Baltimore: Protest food stamp cuts, Feb. 27

MONDAY, FEBRUARY 27, 2023 AT 5 PM – 5:30 PM
Protest Food Stamp Cuts
Baltimore City Hall

Press Conference & Rally
Monday, February 27, 5 pm
City Hall, 100 Holliday Street

Emergency food stamp allotments are scheduled to end in 32 states, including Maryland, on February 28, 2023. Eighteen states already cut food stamps. On average, people will lose $82 of SNAP benefits a month. A family of four could see a cut of $328 a month. Seniors could see reductions from $281 to as little as $23 per month.

The Peoples Power Assembly, Matthew Henson Neighborhood Association, Unemployed Workers Union, and others are demanding that these cuts be restored immediately and that the program be expanded due to the continuing inflationary crisis affecting Marylanders.

Dr. Marvin ‘Doc’ Cheatham, Matthew Henson Neighborhood Association and civil rights advocate, stated, “The federal government must address this crisis, but local state and city governments can and must act too. Everyone from the Mayor to the Governor can and must find the resources to keep people from starving and suffering!”

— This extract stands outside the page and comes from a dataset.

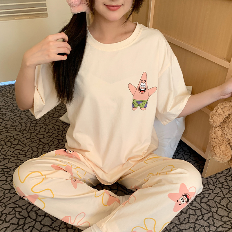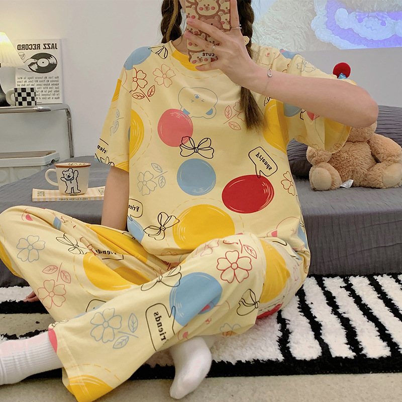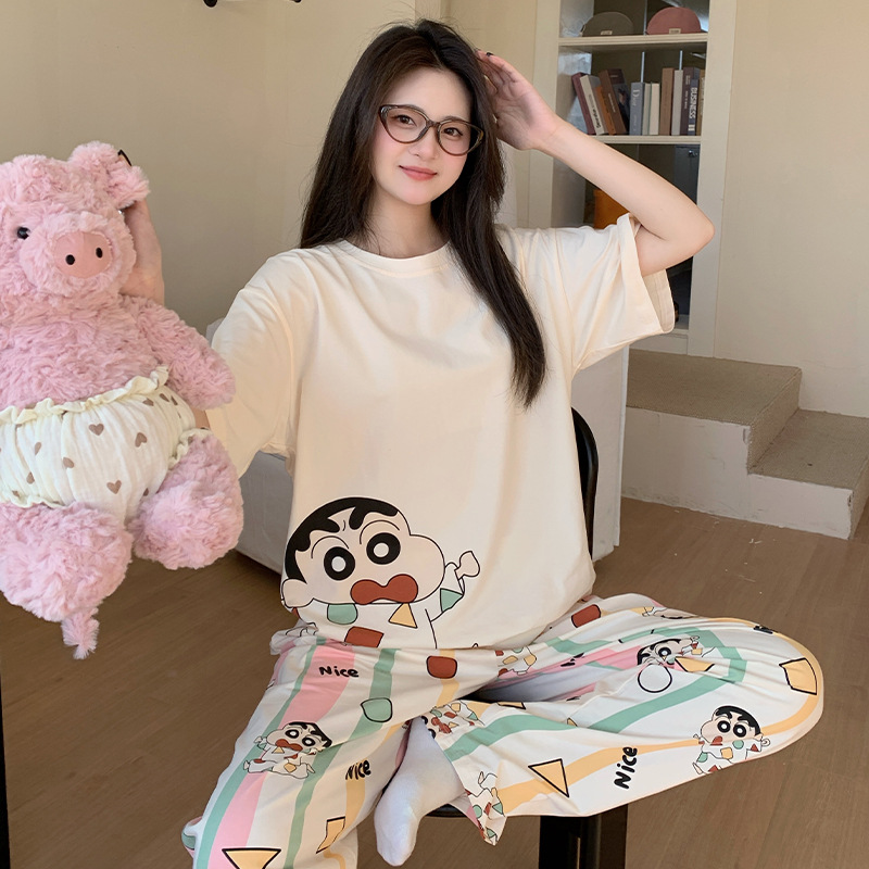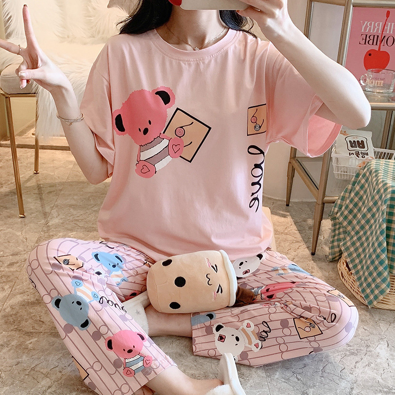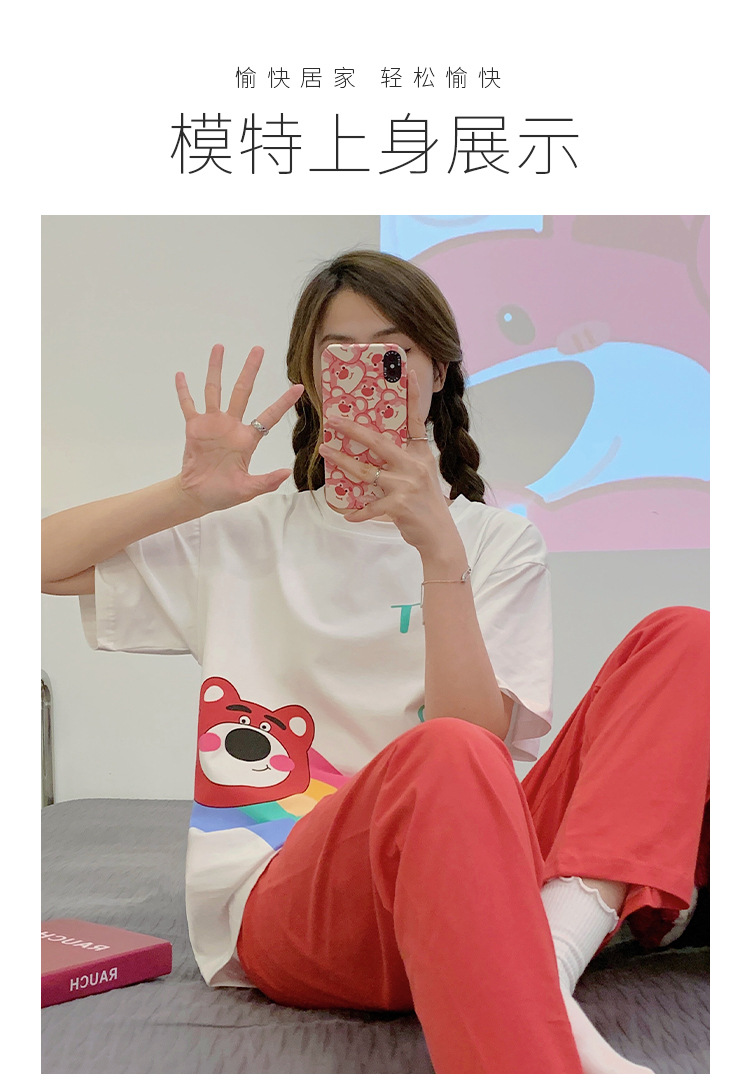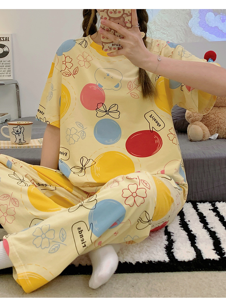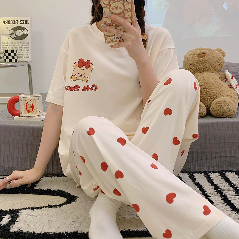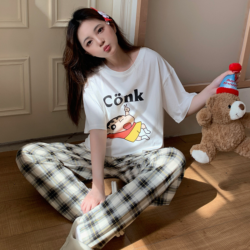 2024 봄과 여름 면 잠옷 여성 한국식 만화 크루 넥 반팔 바지 세트 캐주얼 홈웨어스토어 가기
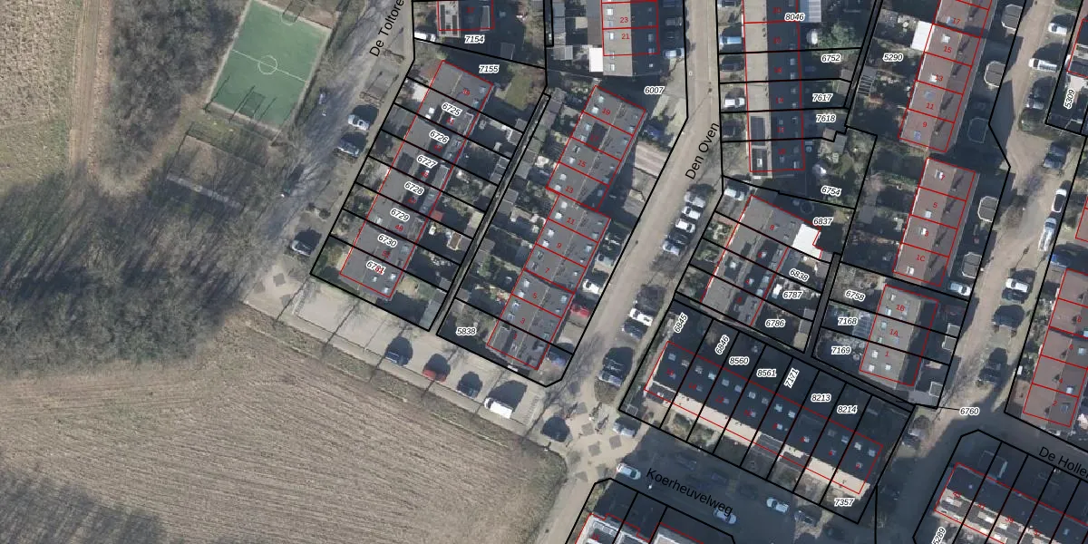 Het perceel waarop Den Oven 7 staat heeft een oppervlakte van 2300 m². Dit is een zeer groot perceel. De perceeloppervlakte wordt geregistreerd door het Kadaster. Gedetailleerde informatie over de maten van dit perceel kunt u vinden in het rapport Kadastrale kaart met maatvoering van Den Oven 7.

Reverend Annie Chambers, Douglas Homes housing advocate and Peoples Power Assembly organizer, declared, “They can find $100 billion for the Ukraine war, but nothing for the people. This is an outrage! Food stamps must be extended, not cut.”

Baltimore is already hard hit by food deserts and what activists are calling “Baltimore food apartheid.”

Groups have banded together in a campaign to “End Food Apartheid in Baltimore.” They are demanding that the food stamp program be expanded, including lowering requirements to allow seniors and low-wage workers more access. The campaign has called for rolling back prices, including enacting a people’s control board that has the power to freeze and roll back prices and enacting stiff penalties for price gougers.